ABSTRACT

With the rise of artificial intelligence and deep learning, natural language processing and computer vision have become enthralling research fields. A text-to-image generation has become one of the most vital aspects of technology nowadays and has been gaining much attention. In this grooming era, various application areas developed in the computer vision domain are gaining attention and crucial importance. This research work aims to identify a variety of suspects including criminals, missing children, and fugitives. Text-to-image generates a realistic image that matches a given text description. The goal of facial image generation from text is to generate the face of the suspect from the description provided by the victims. Machine learning and deep learning techniques have been leveraged as they have the potential to extrapolate specific use cases from the general training data provided to the machine learning architecture. Traditionally, deep learning architectures such as convolutional neural networks (CNNs) are used. However, these architectures are suited for complex visual tasks like image segmentation and image recognition, but they proved inept at image generation. To overcome this issue, this research work has been proposed with generative adversarial networks (GANs) to generate a suspect’s face. The peculiarity of GAN lies in its ability to perform indirect training where a generator is trained on the outputs of the discriminator which is also simultaneously being trained.

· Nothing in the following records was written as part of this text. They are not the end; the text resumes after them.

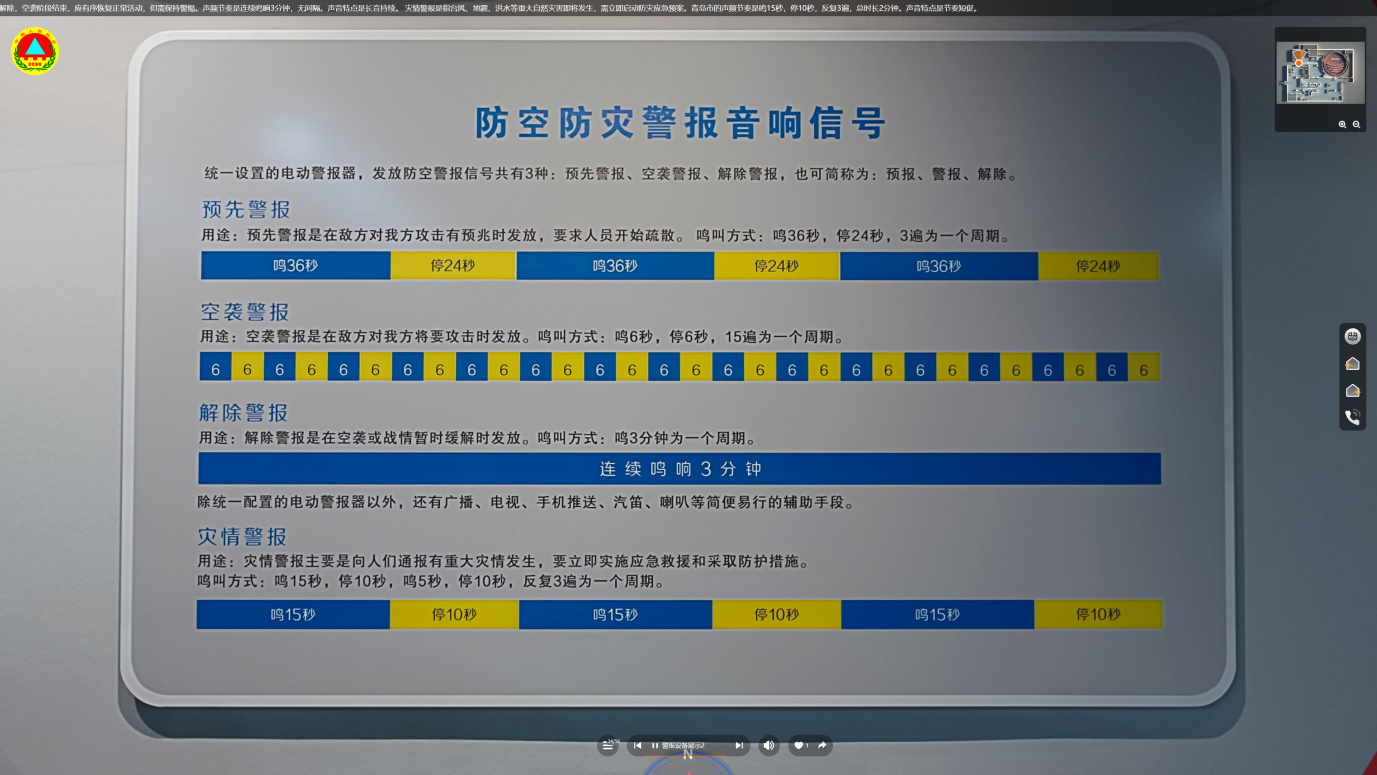 (最受歡迎的“人防警報(bào)試鳴”仿真模塊,市民可點(diǎn)擊觸發(fā)不同警報(bào)聲,學(xué)習(xí)對應(yīng)的應(yīng)急行動(dòng)指令)
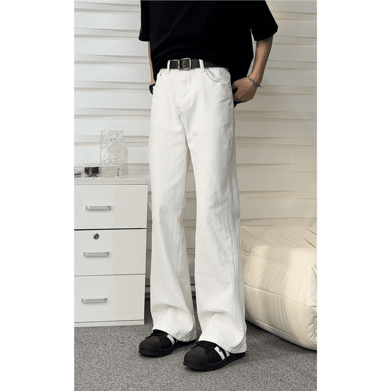 白い弾力感のある生地のマイクロラッパのジーパンの潮流のまっすぐな筒のゆったりしているズボンのカジュアルな大衆のズボン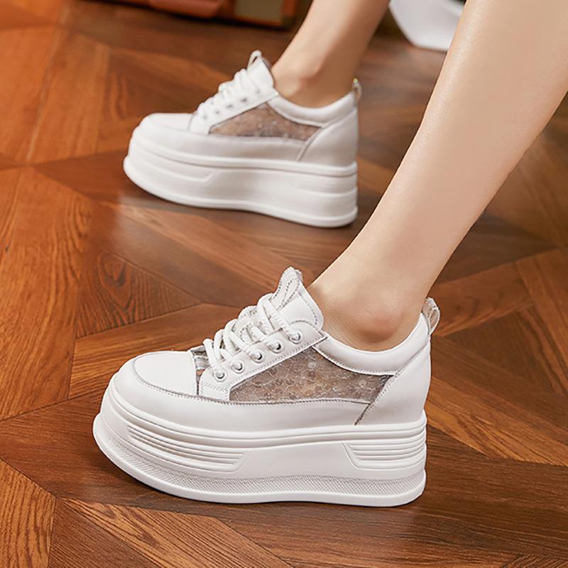 Mesh hollow white shoes women's 2025 new spring and summer breathable versatile thick-soled muffin shoes women's inner height-increasing women's shoes

This unique ability of GANs has allowed researchers to produce vivid face images having myriad text descriptions. A generator creates images upon the training that look real while the discriminator learns to differentiate the real ones from the fake ones. The authors here propose to use Universal Sentence Encoder for encoding the text into vectors that can be further used for text classification. Deep convolutional generative adversarial networks (DCGANs) will be employed for the process of image generation based upon the classified text. This approach is employed upon the Text2FaceGAN dataset for the generation of facial images using textual descriptions.